IBM / rl-testbed-for-energyplus

Reinforcement Learning Testbed for Power Consumption Optimization using EnergyPlus
MIT License
177 stars 74 forks source link

Learn() 0 vs 2 positional arguments #36

Closed Ryan-Johnson-1315 closed 2 years ago

Ryan-Johnson-1315 commented 4 years ago

This is the output

2019-10-25 10:49:20.032095: I tensorflow/core/platform/cpu_feature_guard.cc:142] Your CPU supports instructions that this TensorFlow binary was not compiled to use: AVX2 FMA 2019-10-25 10:49:20.056104: I tensorflow/core/platform/profile_utils/cpu_utils.cc:94] CPU Frequency: 2194795000 Hz 2019-10-25 10:49:20.056700: I tensorflow/compiler/xla/service/service.cc:168] XLA service 0x3fc7190 executing computations on platform Host. Devices: 2019-10-25 10:49:20.056745: I tensorflow/compiler/xla/service/service.cc:175] StreamExecutor device (0): , train: init logger with dir=/home/user/eplog/openai-2019-10-25-10-49-20-057253 Logging to /home/user/eplog/openai-2019-10-25-10-49-20-057253 Monitor: filename=/home/user/eplog/openai-2019-10-25-10-49-20-057253 Traceback (most recent call last): File "trpo_mpi/run_energyplus.py", line 58, in main() File "trpo_mpi/run_energyplus.py", line 55, in main train(args.env, num_timesteps=args.num_timesteps, seed=args.seed) File "trpo_mpi/run_energyplus.py", line 50, in train gamma=0.99, lam=0.98, vf_iters=5, vf_stepsize=1e-3) TypeError: learn() takes 0 positional arguments but 2 positional arguments (and 8 keyword-only arguments) were given

I have found the other issue that talked about checking out different commits in baseline to solve the problem, but the output is the exact same.

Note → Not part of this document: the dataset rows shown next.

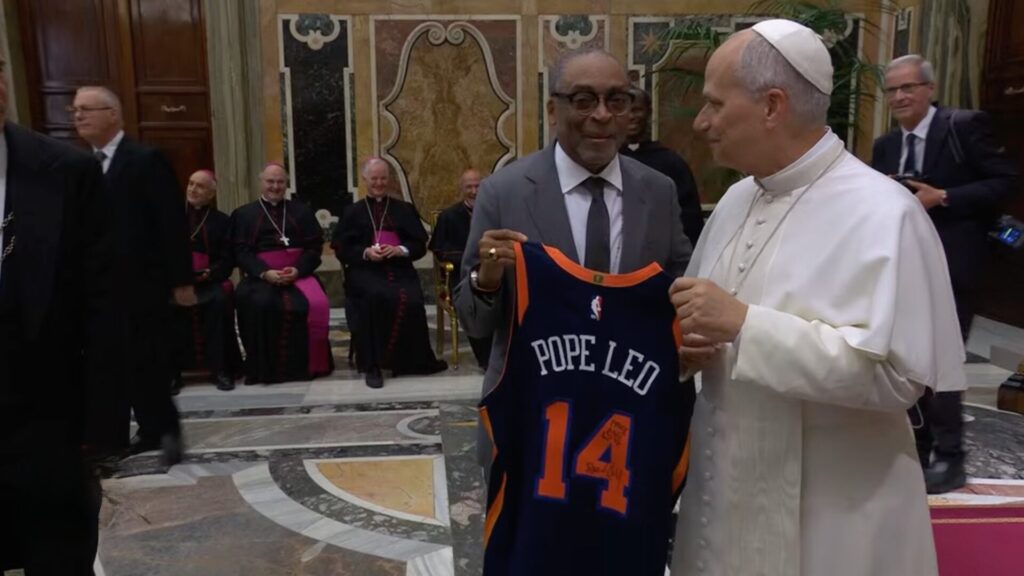 Spike Lee had a gift in hand – a T-Shirt bearing his name.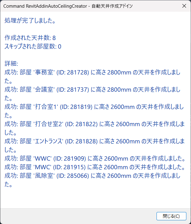 「この情報を元にRevit2025を使って次の機能を発揮するアドインプログラムのコードを書いてください。実現したい機能は「現在開いているモデルの中から部屋を全部抽出します。全部の部屋に天井を自動で作成します。天井高さは部屋名に事務室または会議室という言葉が含まれていたら天井高さ2800mm、その他の部屋名の場合には天井高さ2600mmとします。」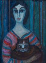 Kees Andrea (1914-2006), vrouw met kat, olieverf op canvasboard, r.b. gesigneerd, 38 x 28 cm

bonecountysheriff commented 4 years ago

Looks like the project was archived and is not being maintained anymore. With updates to the openai/baselines module, The definitions of a few functions have changed quite a bit. The quickest fix is to turn the first two positional arguments (trpo_mpi.learn(), in baselines_energyplus/trpo_mpi/run_energyplus.py) into keyword-arguments.

  1. Change env to env=env
  2. Replace policy_fn with network='mlp'
  3. Change max_timesteps to total_timesteps

I tested this with baselines v0.1.6, the latest at the moment.

antoine-galataud commented 2 years ago

closing this issue since baselines was upgraded to v0.1.6.